III. The Negative Side of the Canadian Economy
On the flip side of the careful monetary policy planning is the government's fiscal policy planning, or, according to some, lack of planning. According to Pierre Fortin, Canada is currently facing a looming fiscal problem that is essentially macroeconomic in nature. According to Fortin, the essential problem for Canada is its uncontrolled public debt, which is fourth behind only Belgium, Greece and Italy. Fortin states that the rising government indebtedness has "three major consequences." First, over time it will make the country poorer due to its crowding out of investment and foreign debt and higher tax rates. Second, the public finance sectors, such as discussed above, will become destablilized and more sensitive to variations in interest rates. Finally, the expanding interest payments on these debts require citizens to receive "declining amounts of public goods and services in exchange for rising taxes." This generates deep frustration and "contaminates the quality of democratic life." Because all three of these elements are starting to show signs of existence in Canada, the excellent standing of Canada's economy that exist today is in jeopardy.

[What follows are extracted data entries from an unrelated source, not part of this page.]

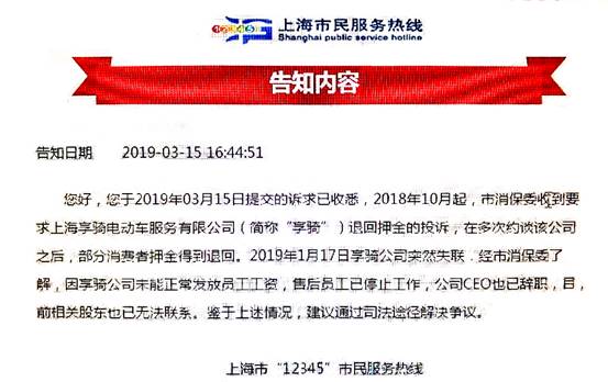 群主李女士向记者介绍,自己于3月15日向上海市民热线进行投诉,但是官方回复由于享骑2019年1月17日享骑公司突然失联,并且享骑公司未能正常发放员工工资,售后停止服务,CEO也已经辞职,建议消费者通过司法途径解决争端。因此,目前大家正打算向上海市闵行区人民法院起诉。QQ群里面已经发布了民事诉讼状的模版,维权者个人在填写后可以通过邮寄或者面交呈递给闵行区人民法院,诉讼请求包括退还押金以及账户余额,目前已经有100多人填写了诉讼状。李女士表示递交材料后法院会整理,达到一定数量以后可能会开庭。但是具体情况她并不清楚,同时,李女士认为如果公司申请破产了,那上诉的人也相应可以获得公司破产清算的一部分。群里的叶先生说自己曾经拨打消费者投诉举报专线12315进行投诉,但是该热线目前也已经不受理有关“享骑”退还押金的案件。
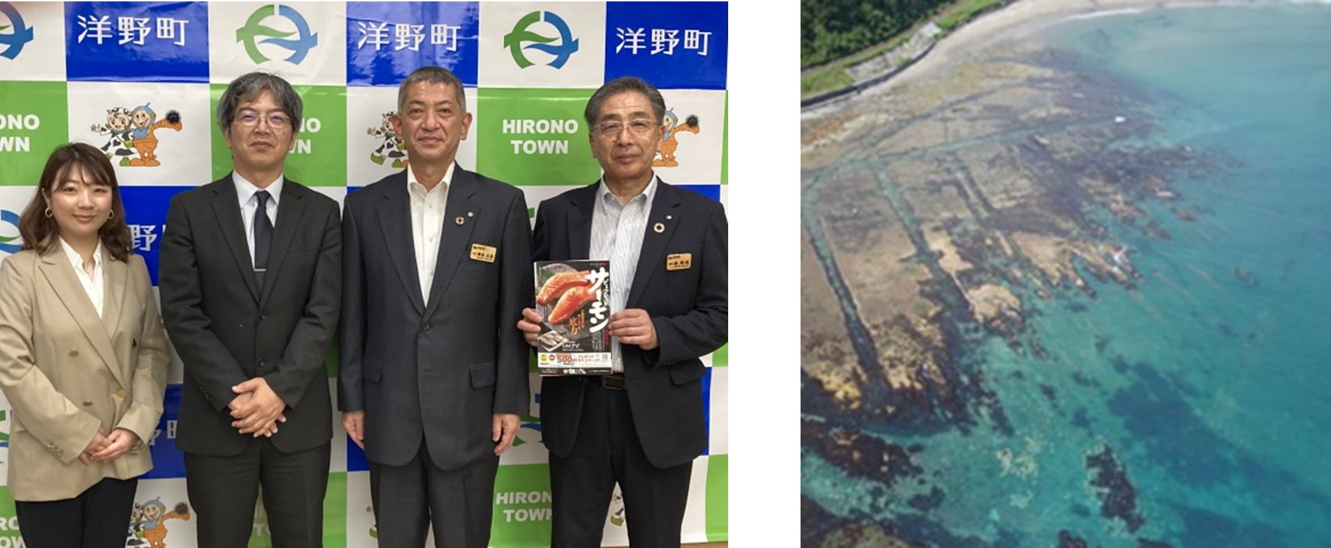 当社では、2024年7月17日に担当者が現地を訪問し、洋野町町長 岡本正善氏、同副町長 林剛敏氏から、ウニの増殖溝の歴史や、両氏の想い、洋野町のウニの魅力などについてお話を伺いました。
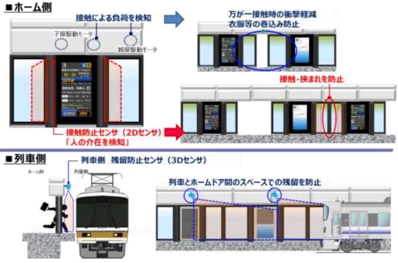 • 世界初、車両に応じて開口位置が変わるホームドア。JR西日本
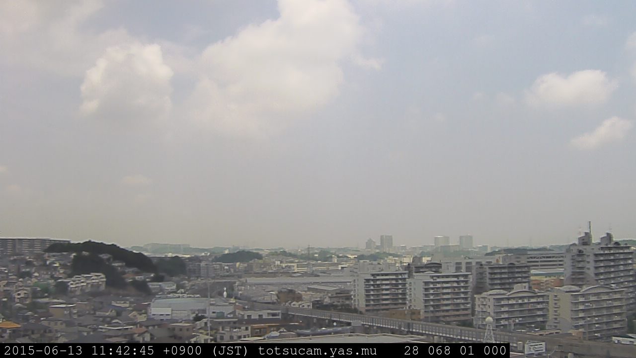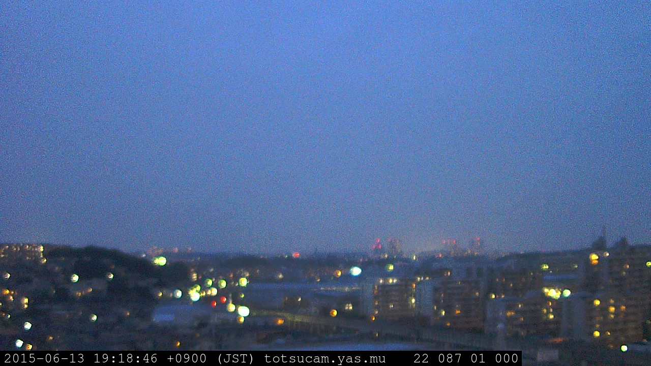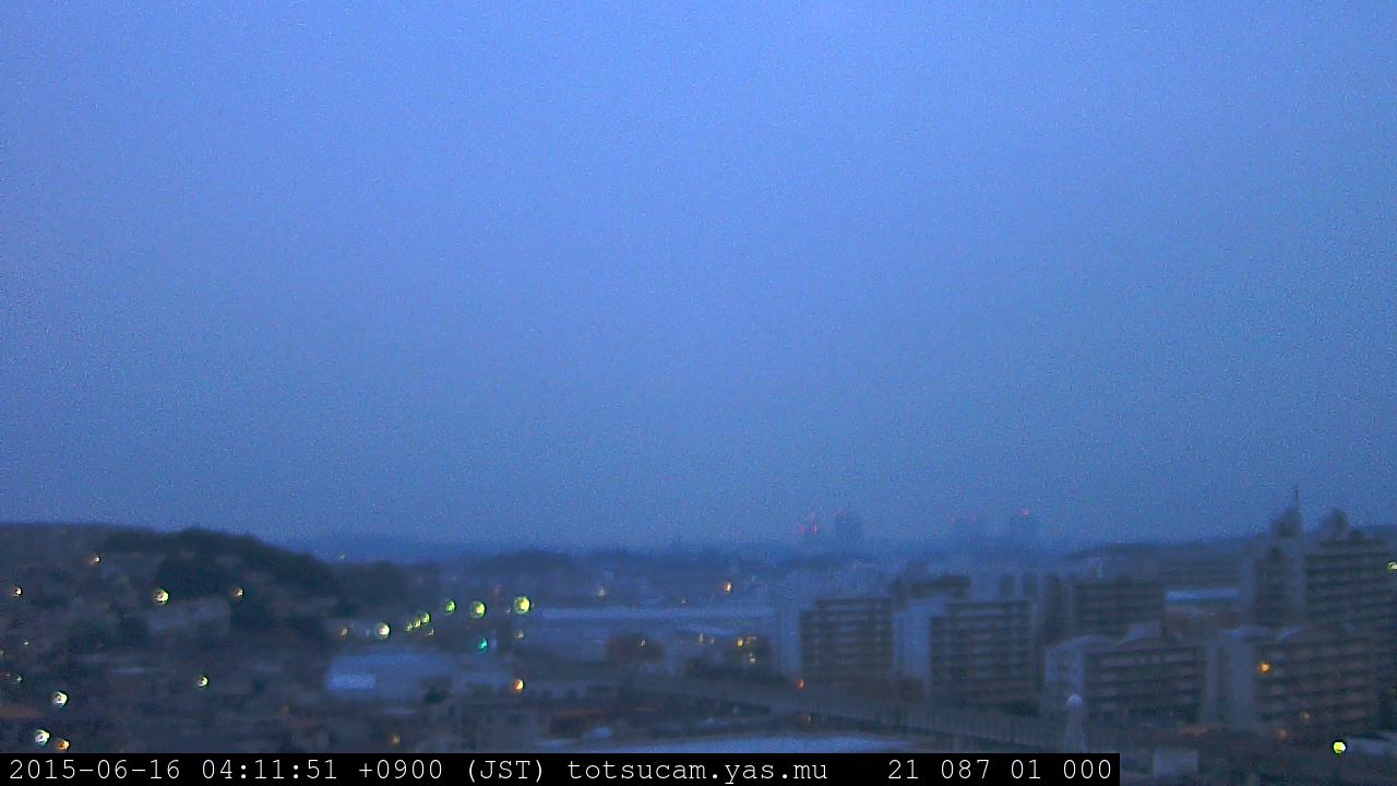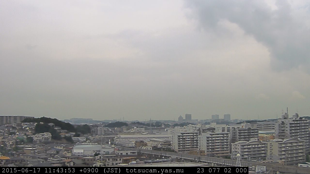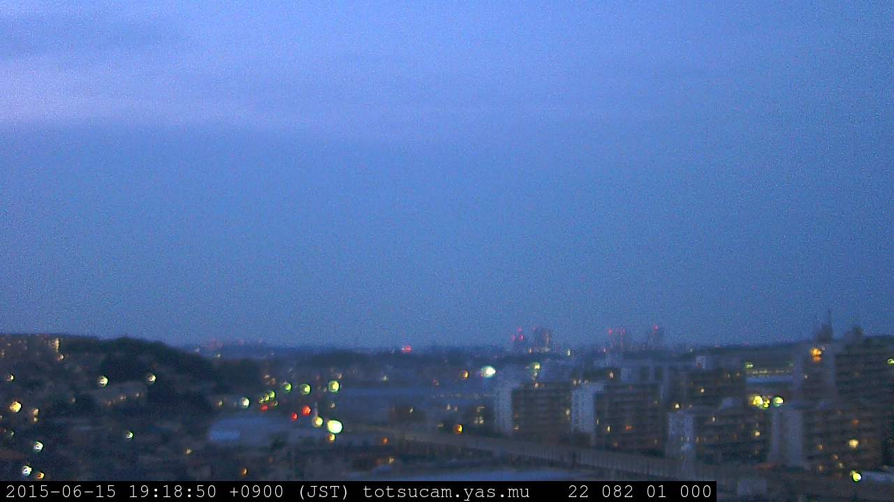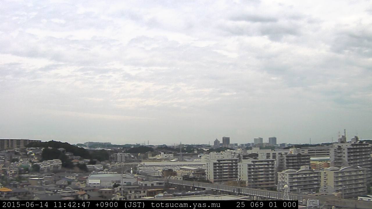 横浜市戸塚駅周辺から 東戸塚方面(北北東)を望む展望カメラの映像です。 左は現在の映像です。 下に並んでいるのは、 7日間に亘る日の出どき、昼間、夕暮れどきの写真(サムネイル)です。 それぞれ、日の出15分前、南中時、日没20分後の写真となっています。 各写真の下にはmpeg形式の動画へのリンクがあります。 それぞれ、日の出、南中、日没の前後1時間の画像です。 右欄にはその日24時間の動画へのリンクがあります。 この7日間以外は日付が一覧表示されています。 日付部分をクリックすると、 その日付から7日分が展開されて表示されます。
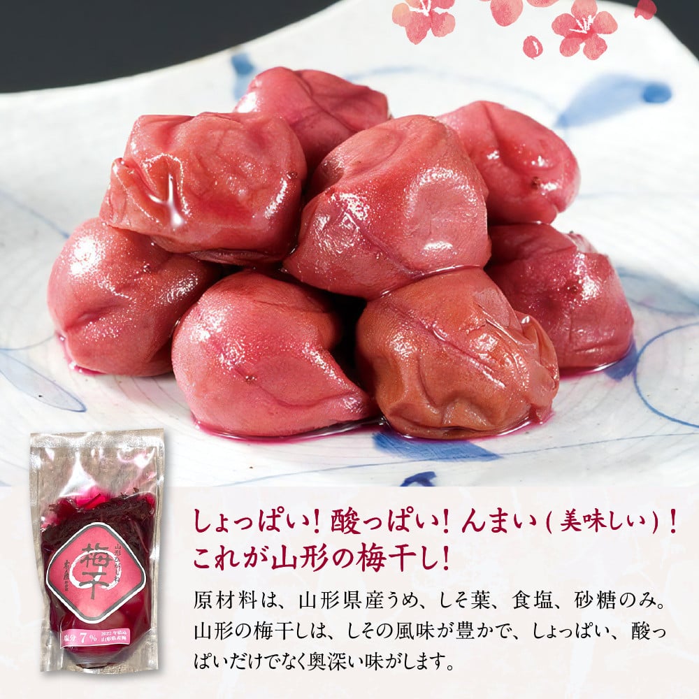 【ふるさと納税】【減塩】山形県産 「谷沢梅」の 梅干し セット 計640g 保存料・着色料不使用 / お取り寄せ 減塩 塩分控えめ 三年物 弁当 おにぎり 国産 伝統野菜 梅干しセット 保存食 常温 しそ梅 手作り 伝統の味 酸っぱい すっぱい 甘くない うめ ウメ 鴨田太平商店
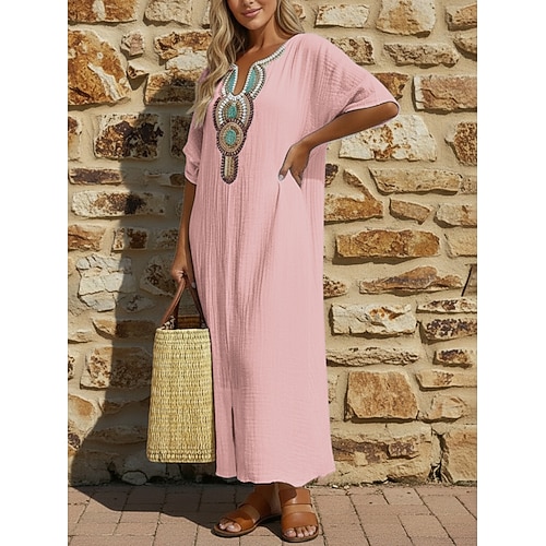 Per donna Abito Lungo Maxi Abito Misto lino Vestito Casual Vestito a ruota Abito Estivo Streetwear Abito Maxi Vacanza Streetwear Ferie Vestibilità comoda Manica Corta Scollo a V Giallo Rosa Blu scuro
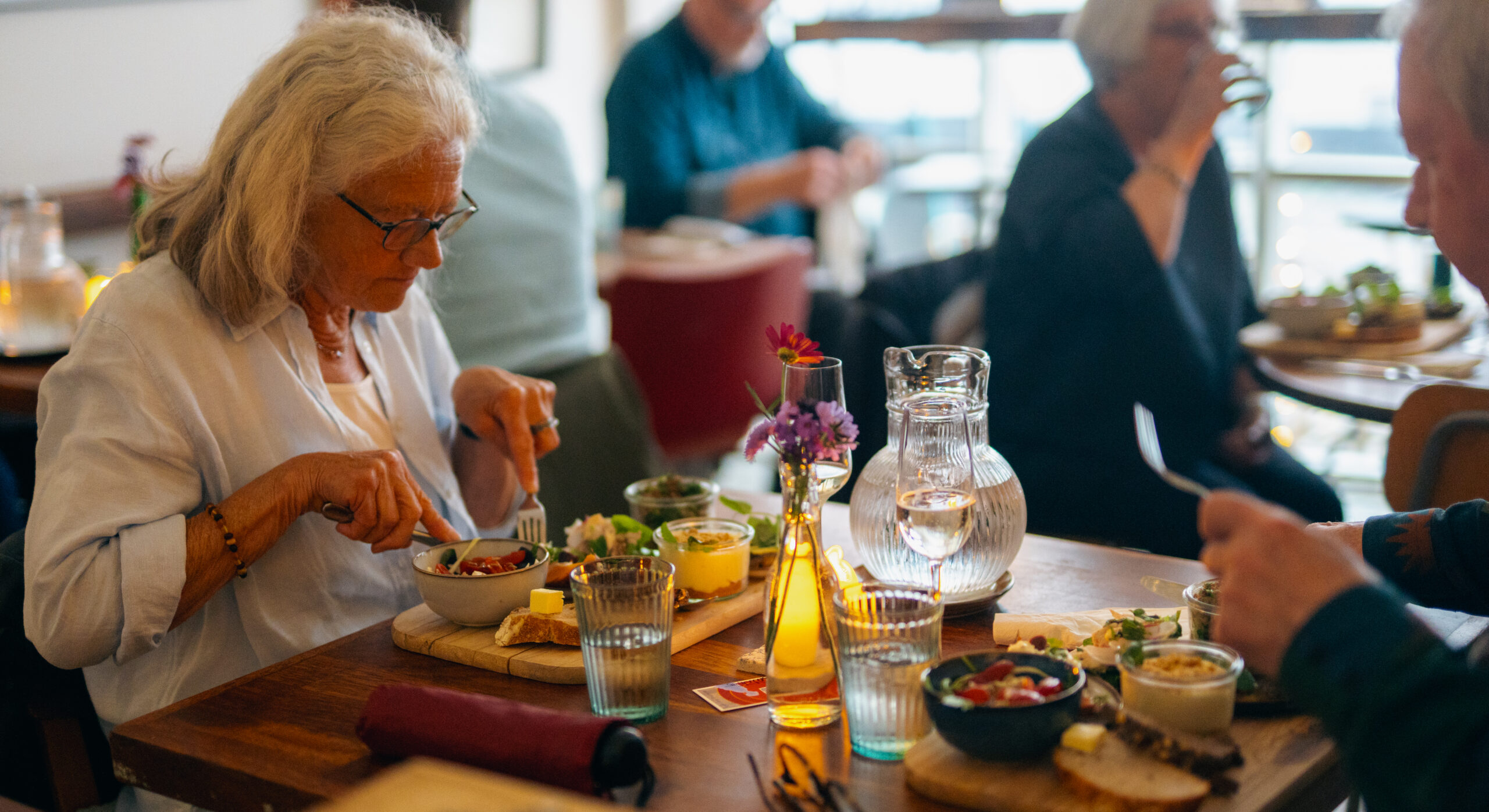 - Frisk salat og brød fra Café Satchmo’s køkken
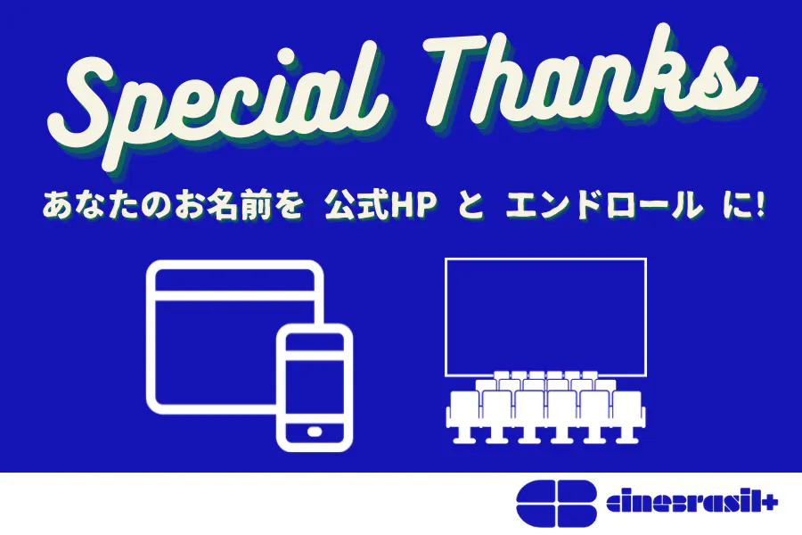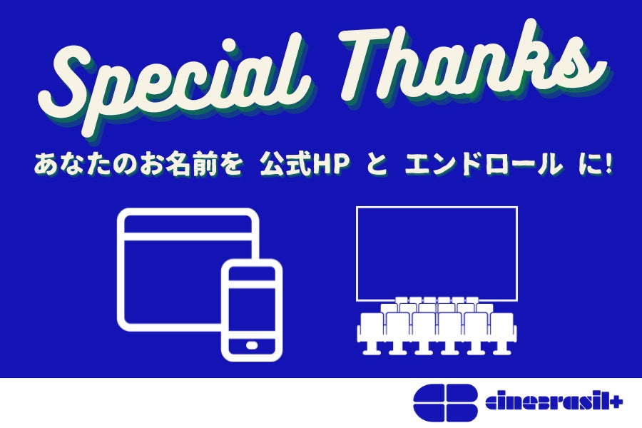 ・映画祭公式ホームページ内の⽀援者欄+ ⽀援者として映画本編終了後のエンドロールに掲載 ※お申込みの際に、掲載を希望されるお名前を記述していただきます。

IV. The Increase in Foreign Investment
As a result of Canada's strong economic status, many foreign investors have been attracted to the country, which has led to numerous foreign corporate takeovers. However, according to statistics, this increase in foreign investors has not created a hollowing out effect in corporate Canada but in fact has played a significant role in the strengthening of the economy. Statistics show that foreign investors have actually created more head-office jobs in recent years as compared to Canadian corporations. (Vieira, 2007).